» Supplied entries:
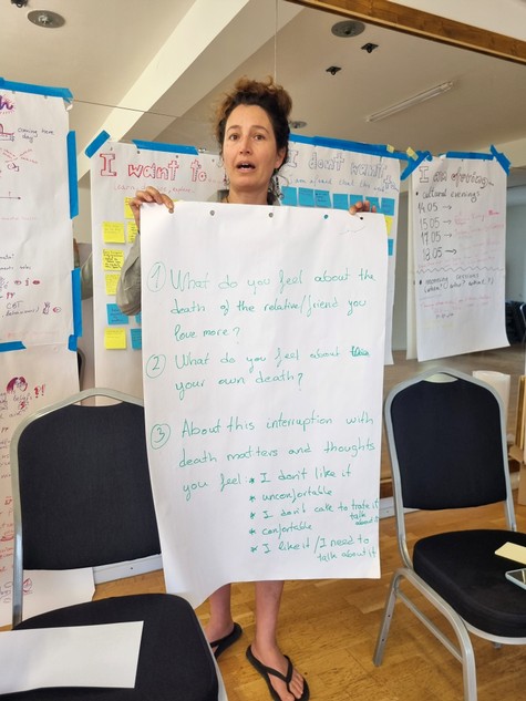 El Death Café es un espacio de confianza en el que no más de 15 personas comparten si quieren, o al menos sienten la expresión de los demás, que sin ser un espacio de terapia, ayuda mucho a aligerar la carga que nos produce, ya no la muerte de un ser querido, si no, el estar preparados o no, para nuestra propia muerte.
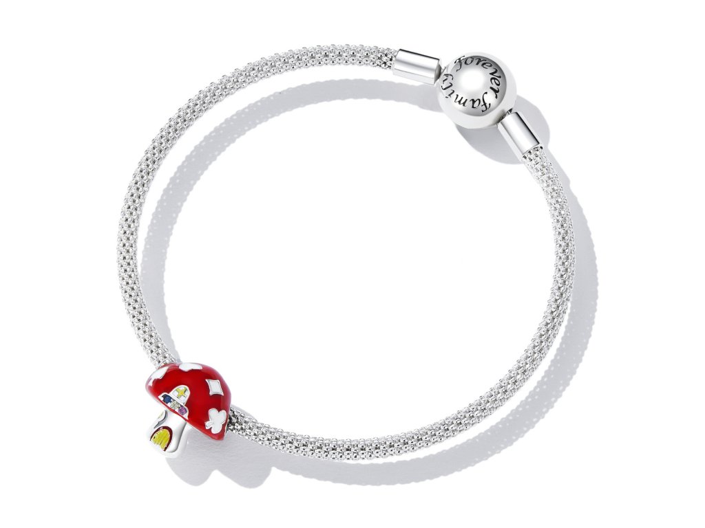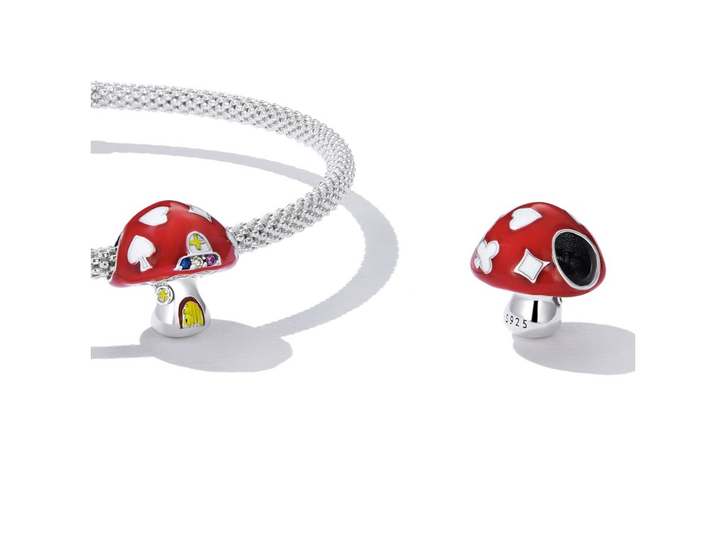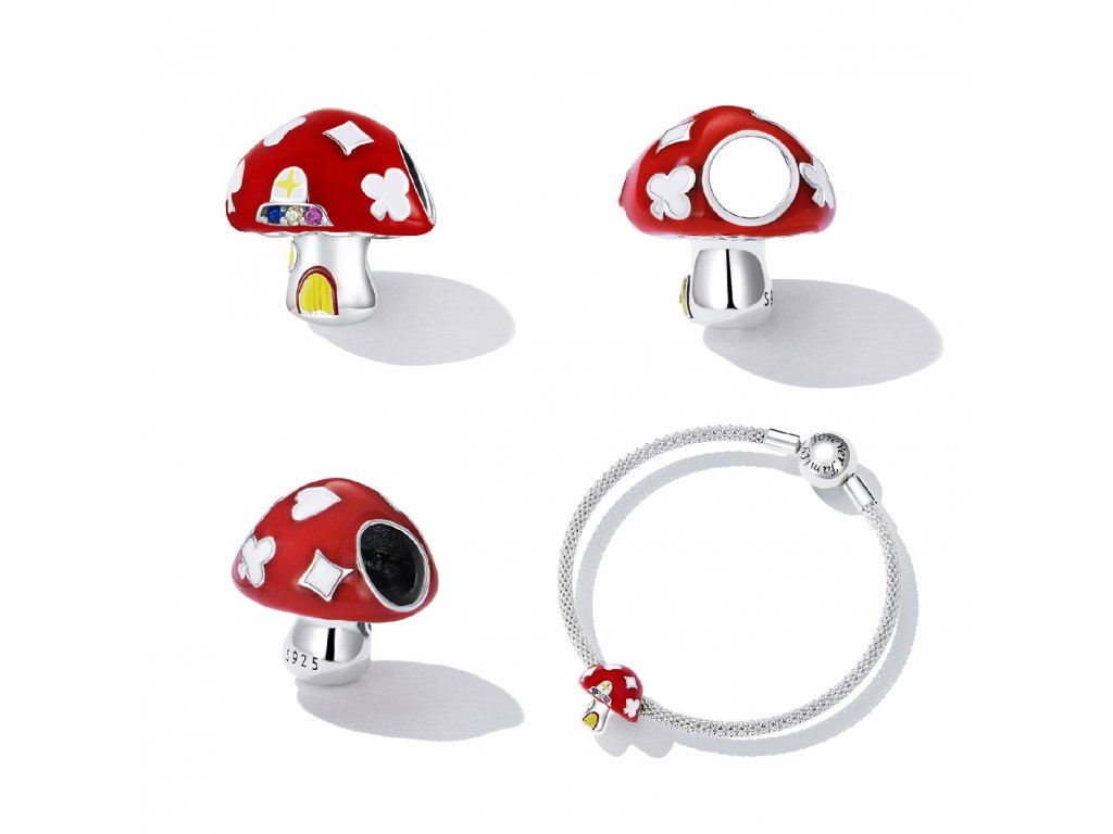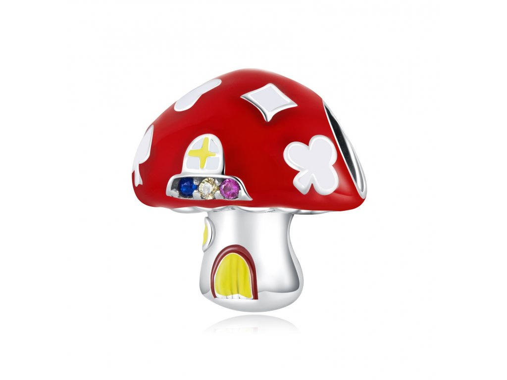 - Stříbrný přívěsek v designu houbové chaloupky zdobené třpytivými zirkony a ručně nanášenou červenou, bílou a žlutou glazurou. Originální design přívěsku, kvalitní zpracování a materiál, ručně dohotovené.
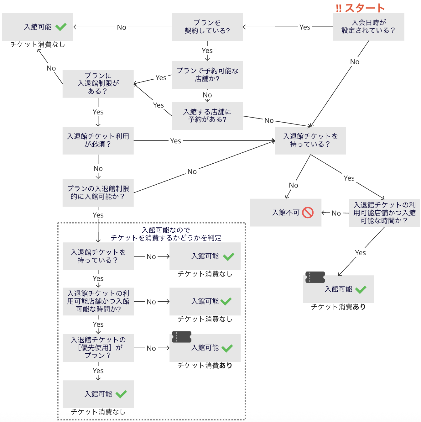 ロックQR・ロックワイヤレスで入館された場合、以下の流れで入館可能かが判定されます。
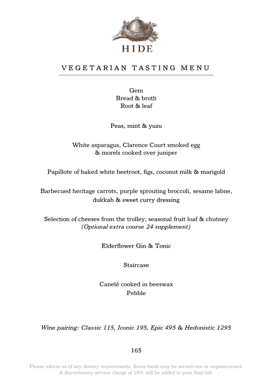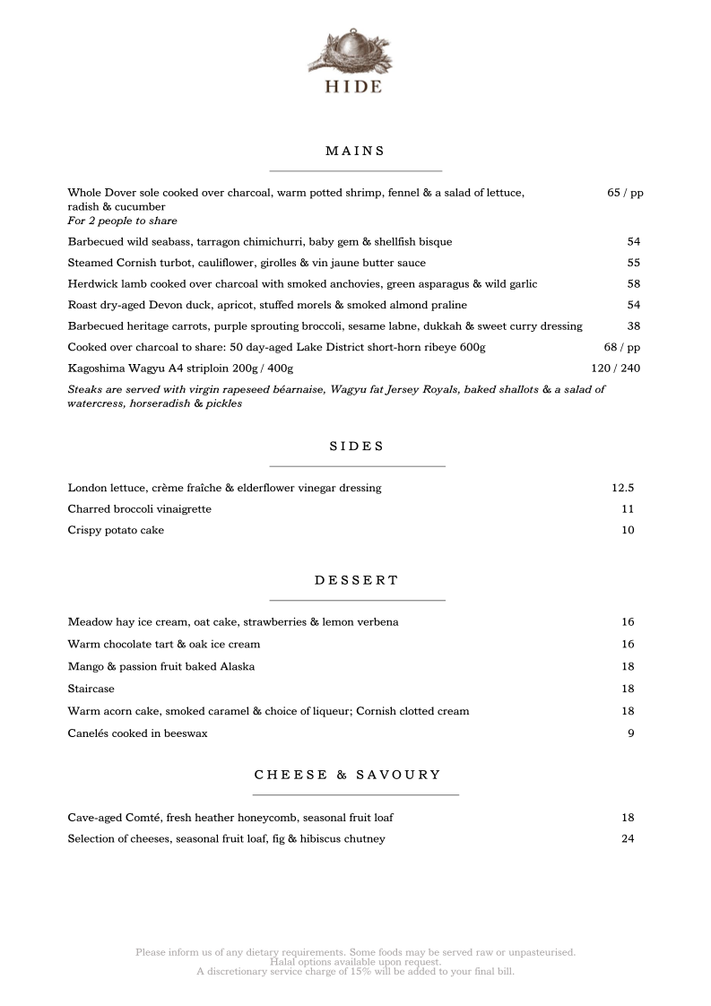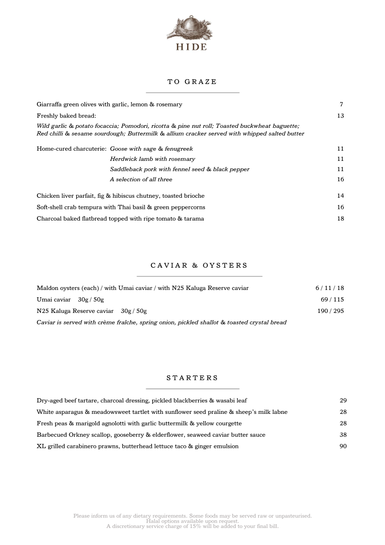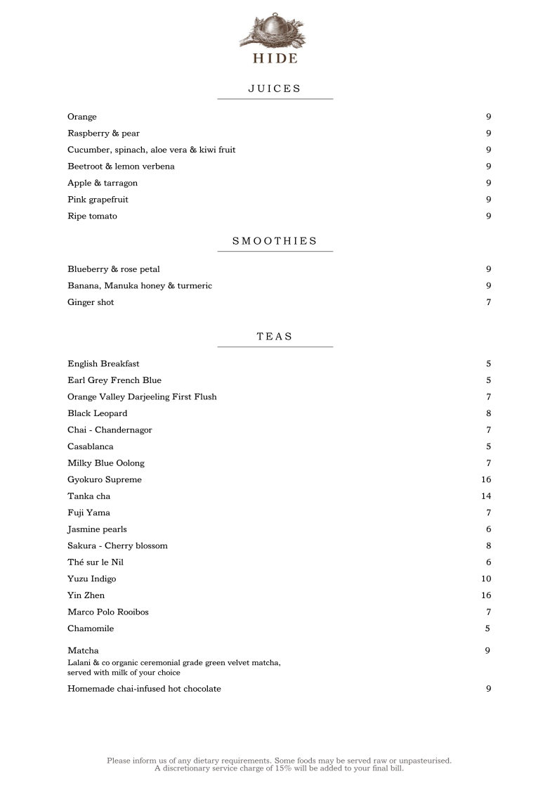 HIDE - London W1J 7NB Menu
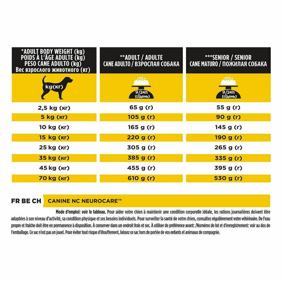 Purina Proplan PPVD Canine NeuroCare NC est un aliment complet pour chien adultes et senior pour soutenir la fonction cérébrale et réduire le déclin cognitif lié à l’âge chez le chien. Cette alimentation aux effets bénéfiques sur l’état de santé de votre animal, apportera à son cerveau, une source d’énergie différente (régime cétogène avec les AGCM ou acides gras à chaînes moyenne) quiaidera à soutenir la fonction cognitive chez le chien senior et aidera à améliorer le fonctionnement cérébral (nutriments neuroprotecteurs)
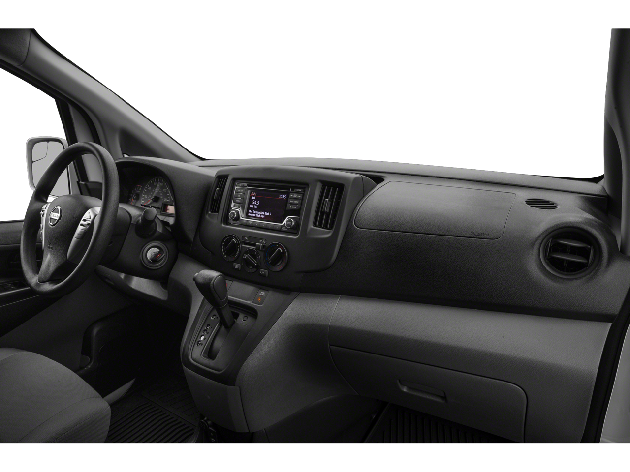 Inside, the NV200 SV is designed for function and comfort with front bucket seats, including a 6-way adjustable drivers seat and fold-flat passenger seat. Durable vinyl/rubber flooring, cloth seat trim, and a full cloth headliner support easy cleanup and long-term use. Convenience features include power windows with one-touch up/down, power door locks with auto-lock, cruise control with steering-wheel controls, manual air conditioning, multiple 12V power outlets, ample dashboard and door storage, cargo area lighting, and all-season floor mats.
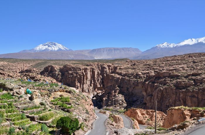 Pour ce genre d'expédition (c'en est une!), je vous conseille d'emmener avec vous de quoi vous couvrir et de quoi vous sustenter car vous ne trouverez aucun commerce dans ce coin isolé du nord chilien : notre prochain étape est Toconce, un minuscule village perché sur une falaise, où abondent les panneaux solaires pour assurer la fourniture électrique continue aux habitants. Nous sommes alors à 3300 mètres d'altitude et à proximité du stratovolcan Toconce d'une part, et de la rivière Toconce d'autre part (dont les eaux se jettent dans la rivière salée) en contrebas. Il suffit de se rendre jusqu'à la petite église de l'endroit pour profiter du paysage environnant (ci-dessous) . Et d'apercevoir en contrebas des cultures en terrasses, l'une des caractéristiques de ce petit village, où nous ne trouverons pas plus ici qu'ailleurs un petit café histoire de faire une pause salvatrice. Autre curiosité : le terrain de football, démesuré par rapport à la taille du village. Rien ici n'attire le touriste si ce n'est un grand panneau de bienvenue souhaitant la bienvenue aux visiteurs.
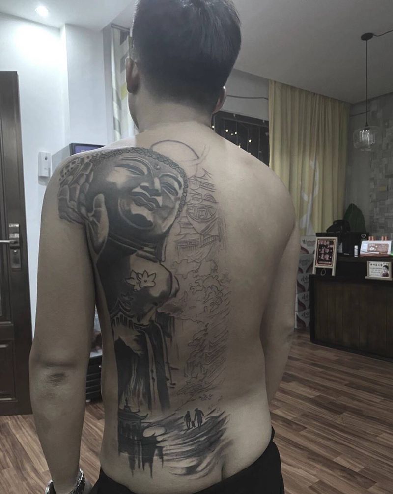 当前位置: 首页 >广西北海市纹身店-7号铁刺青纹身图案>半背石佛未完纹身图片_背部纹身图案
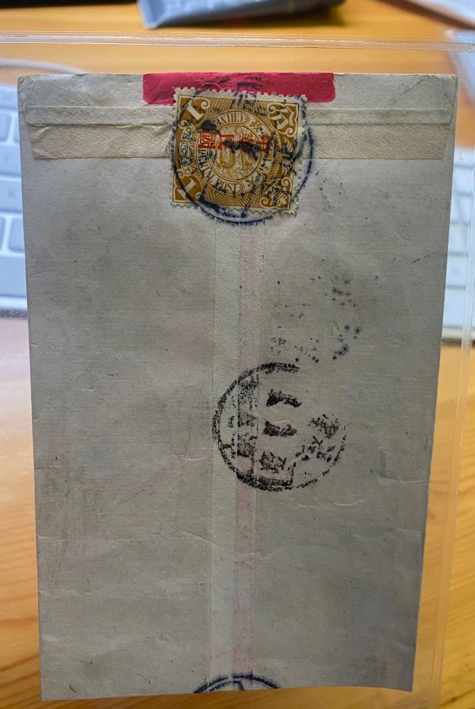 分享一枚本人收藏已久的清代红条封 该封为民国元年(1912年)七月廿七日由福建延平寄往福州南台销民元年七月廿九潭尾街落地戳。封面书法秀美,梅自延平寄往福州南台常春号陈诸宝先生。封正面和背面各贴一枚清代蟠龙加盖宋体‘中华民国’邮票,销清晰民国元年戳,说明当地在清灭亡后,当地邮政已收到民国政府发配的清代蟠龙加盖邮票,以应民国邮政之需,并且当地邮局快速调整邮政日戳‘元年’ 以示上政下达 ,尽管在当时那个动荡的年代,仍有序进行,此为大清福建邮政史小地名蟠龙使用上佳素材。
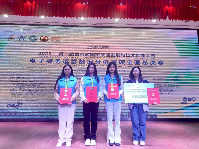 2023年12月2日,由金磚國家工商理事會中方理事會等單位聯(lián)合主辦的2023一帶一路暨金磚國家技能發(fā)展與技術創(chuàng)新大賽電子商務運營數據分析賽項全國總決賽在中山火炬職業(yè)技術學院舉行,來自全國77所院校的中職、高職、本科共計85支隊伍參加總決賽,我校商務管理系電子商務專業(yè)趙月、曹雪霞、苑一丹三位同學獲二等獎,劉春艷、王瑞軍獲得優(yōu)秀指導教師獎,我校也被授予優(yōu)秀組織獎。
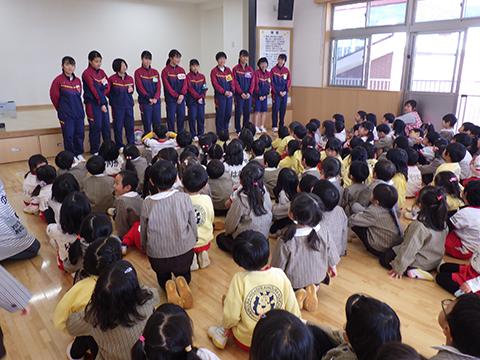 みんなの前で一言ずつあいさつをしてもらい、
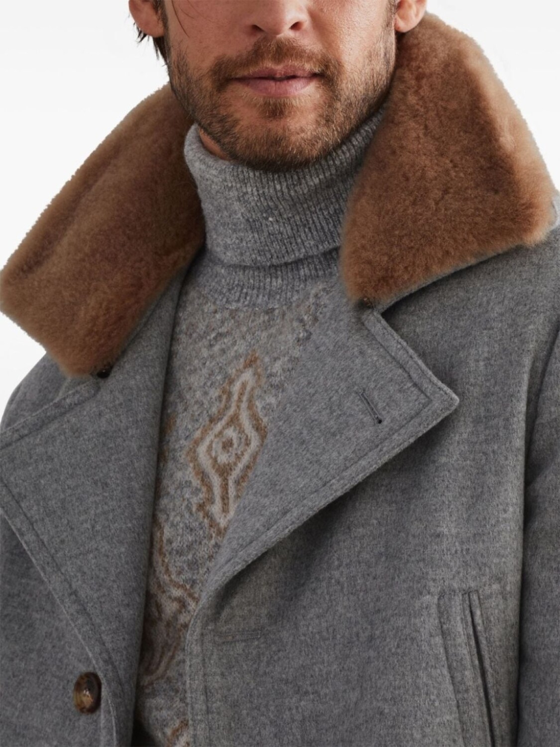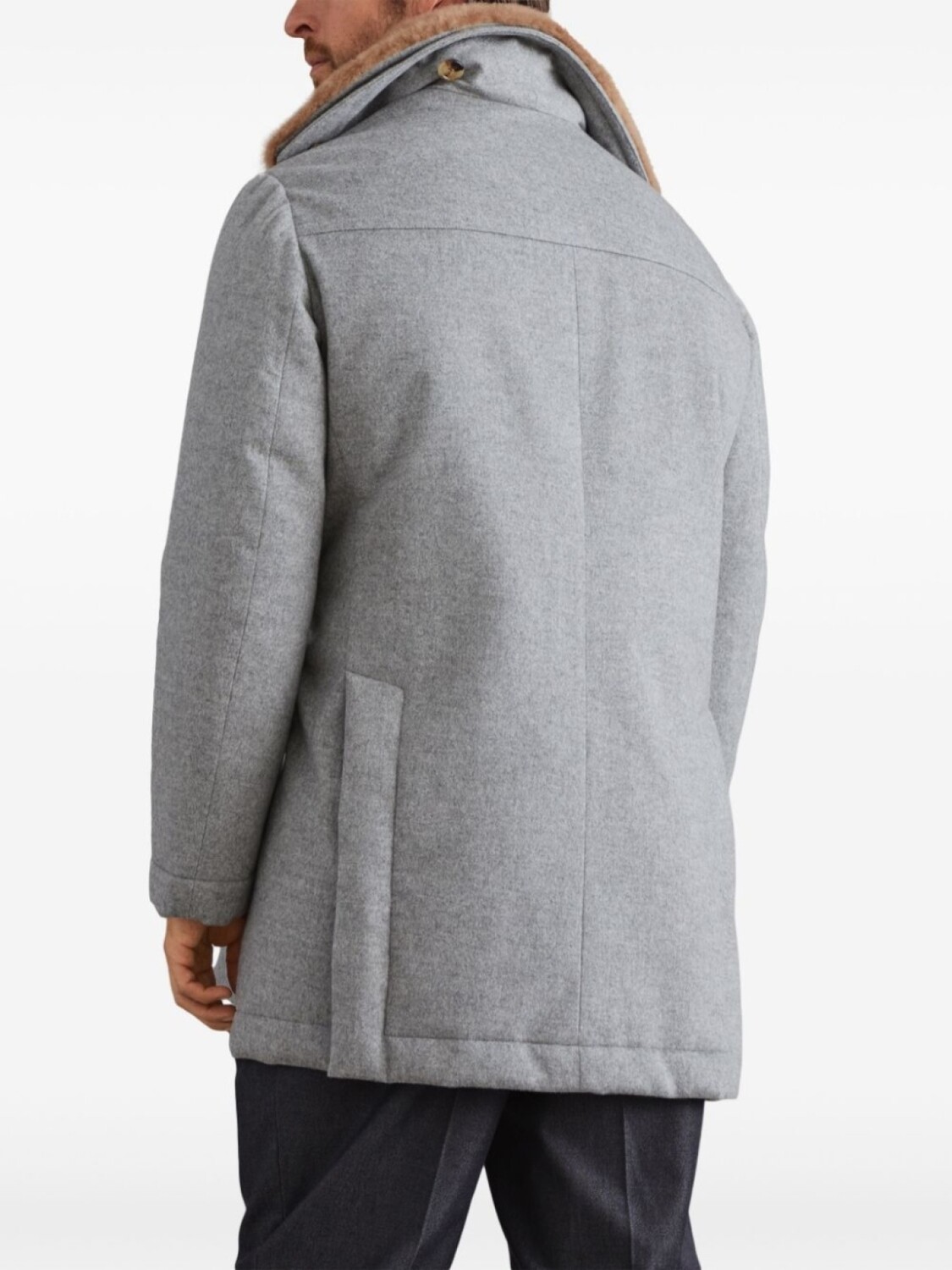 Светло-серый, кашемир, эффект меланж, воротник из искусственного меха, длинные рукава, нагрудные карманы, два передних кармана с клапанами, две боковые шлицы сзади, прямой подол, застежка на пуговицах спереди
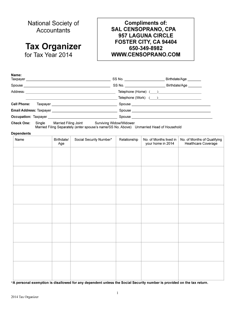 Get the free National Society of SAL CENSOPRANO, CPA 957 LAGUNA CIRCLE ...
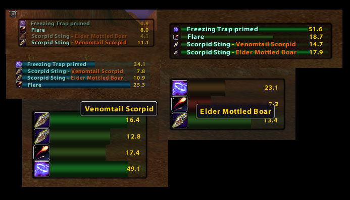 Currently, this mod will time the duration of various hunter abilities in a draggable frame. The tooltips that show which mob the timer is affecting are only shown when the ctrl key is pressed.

» Aim of the task: Could each line of the data be written out exactly, with no pictures included?

» Reply to the exercise:
 El Death Café es un espacio de confianza en el que no más de 15 personas comparten si quieren, o al menos sienten la expresión de los demás, que sin ser un espacio de terapia, ayuda mucho a aligerar la carga que nos produce, ya no la muerte de un ser querido, si no, el estar preparados o no, para nuestra propia muerte.
 - Stříbrný přívěsek v designu houbové chaloupky zdobené třpytivými zirkony a ručně nanášenou červenou, bílou a žlutou glazurou. Originální design přívěsku, kvalitní zpracování a materiál, ručně dohotovené.
 ロックQR・ロックワイヤレスで入館された場合、以下の流れで入館可能かが判定されます。
 HIDE - London W1J 7NB Menu
 Purina Proplan PPVD Canine NeuroCare NC est un aliment complet pour chien adultes et senior pour soutenir la fonction cérébrale et réduire le déclin cognitif lié à l’âge chez le chien. Cette alimentation aux effets bénéfiques sur l’état de santé de votre animal, apportera à son cerveau, une source d’énergie différente (régime cétogène avec les AGCM ou acides gras à chaînes moyenne) quiaidera à soutenir la fonction cognitive chez le chien senior et aidera à améliorer le fonctionnement cérébral (nutriments neuroprotecteurs)
 Inside, the NV200 SV is designed for function and comfort with front bucket seats, including a 6-way adjustable drivers seat and fold-flat passenger seat. Durable vinyl/rubber flooring, cloth seat trim, and a full cloth headliner support easy cleanup and long-term use. Convenience features include power windows with one-touch up/down, power door locks with auto-lock, cruise control with steering-wheel controls, manual air conditioning, multiple 12V power outlets, ample dashboard and door storage, cargo area lighting, and all-season floor mats.
 Pour ce genre d'expédition (c'en est une!), je vous conseille d'emmener avec vous de quoi vous couvrir et de quoi vous sustenter car vous ne trouverez aucun commerce dans ce coin isolé du nord chilien : notre prochain étape est Toconce, un minuscule village perché sur une falaise, où abondent les panneaux solaires pour assurer la fourniture électrique continue aux habitants. Nous sommes alors à 3300 mètres d'altitude et à proximité du stratovolcan Toconce d'une part, et de la rivière Toconce d'autre part (dont les eaux se jettent dans la rivière salée) en contrebas. Il suffit de se rendre jusqu'à la petite église de l'endroit pour profiter du paysage environnant (ci-dessous) . Et d'apercevoir en contrebas des cultures en terrasses, l'une des caractéristiques de ce petit village, où nous ne trouverons pas plus ici qu'ailleurs un petit café histoire de faire une pause salvatrice. Autre curiosité : le terrain de football, démesuré par rapport à la taille du village. Rien ici n'attire le touriste si ce n'est un grand panneau de bienvenue souhaitant la bienvenue aux visiteurs.
 当前位置: 首页 >广西北海市纹身店-7号铁刺青纹身图案>半背石佛未完纹身图片_背部纹身图案
 分享一枚本人收藏已久的清代红条封 该封为民国元年(1912年)七月廿七日由福建延平寄往福州南台销民元年七月廿九潭尾街落地戳。封面书法秀美,梅自延平寄往福州南台常春号陈诸宝先生。封正面和背面各贴一枚清代蟠龙加盖宋体‘中华民国’邮票,销清晰民国元年戳,说明当地在清灭亡后,当地邮政已收到民国政府发配的清代蟠龙加盖邮票,以应民国邮政之需,并且当地邮局快速调整邮政日戳‘元年’ 以示上政下达 ,尽管在当时那个动荡的年代,仍有序进行,此为大清福建邮政史小地名蟠龙使用上佳素材。
 2023年12月2日,由金磚國家工商理事會中方理事會等單位聯(lián)合主辦的2023一帶一路暨金磚國家技能發(fā)展與技術創(chuàng)新大賽電子商務運營數據分析賽項全國總決賽在中山火炬職業(yè)技術學院舉行,來自全國77所院校的中職、高職、本科共計85支隊伍參加總決賽,我校商務管理系電子商務專業(yè)趙月、曹雪霞、苑一丹三位同學獲二等獎,劉春艷、王瑞軍獲得優(yōu)秀指導教師獎,我校也被授予優(yōu)秀組織獎。
 みんなの前で一言ずつあいさつをしてもらい、
 Светло-серый, кашемир, эффект меланж, воротник из искусственного меха, длинные рукава, нагрудные карманы, два передних кармана с клапанами, две боковые шлицы сзади, прямой подол, застежка на пуговицах спереди
 Get the free National Society of SAL CENSOPRANO, CPA 957 LAGUNA CIRCLE ...
 Currently, this mod will time the duration of various hunter abilities in a draggable frame. The tooltips that show which mob the timer is affecting are only shown when the ctrl key is pressed.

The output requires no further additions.